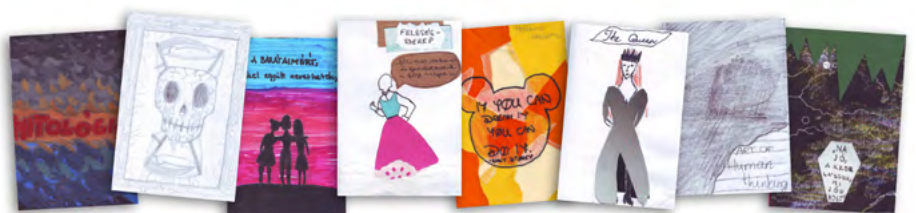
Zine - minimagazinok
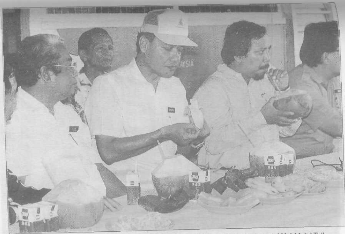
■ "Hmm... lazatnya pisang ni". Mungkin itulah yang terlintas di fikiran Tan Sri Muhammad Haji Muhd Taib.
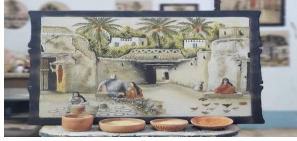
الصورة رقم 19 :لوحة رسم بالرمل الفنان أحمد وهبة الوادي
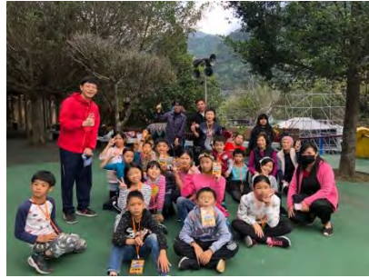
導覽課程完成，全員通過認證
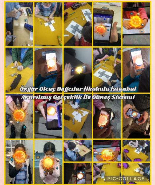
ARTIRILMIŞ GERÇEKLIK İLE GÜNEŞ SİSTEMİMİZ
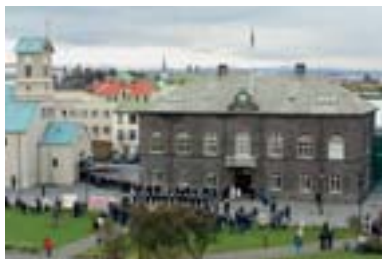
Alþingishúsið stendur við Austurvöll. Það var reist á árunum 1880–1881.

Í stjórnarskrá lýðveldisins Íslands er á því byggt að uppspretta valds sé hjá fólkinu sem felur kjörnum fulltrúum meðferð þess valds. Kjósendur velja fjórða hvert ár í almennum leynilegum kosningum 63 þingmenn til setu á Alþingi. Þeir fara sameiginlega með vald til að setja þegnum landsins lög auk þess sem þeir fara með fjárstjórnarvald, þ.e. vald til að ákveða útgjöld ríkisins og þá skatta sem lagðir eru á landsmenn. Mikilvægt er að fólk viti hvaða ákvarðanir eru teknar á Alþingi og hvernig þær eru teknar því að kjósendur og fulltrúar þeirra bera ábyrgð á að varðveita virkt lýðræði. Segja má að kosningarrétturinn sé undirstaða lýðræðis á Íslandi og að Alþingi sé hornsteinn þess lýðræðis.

________________

◆ EXERCISE GOAL ◆
Set down word for word the lines above from the one with "Haji Muhd Taib." up to and including the one with "Alþingishúsið stendur við". Omit every picture.

◆ SOLUTION TO THE EXERCISE ◆
■ "Hmm... lazatnya pisang ni". Mungkin itulah yang terlintas di fikiran Tan Sri Muhammad Haji Muhd Taib.
الصورة رقم 19 :لوحة رسم بالرمل الفنان أحمد وهبة الوادي
導覽課程完成，全員通過認證
ARTIRILMIŞ GERÇEKLIK İLE GÜNEŞ SİSTEMİMİZ
Alþingishúsið stendur við Austurvöll. Það var reist á árunum 1880–1881.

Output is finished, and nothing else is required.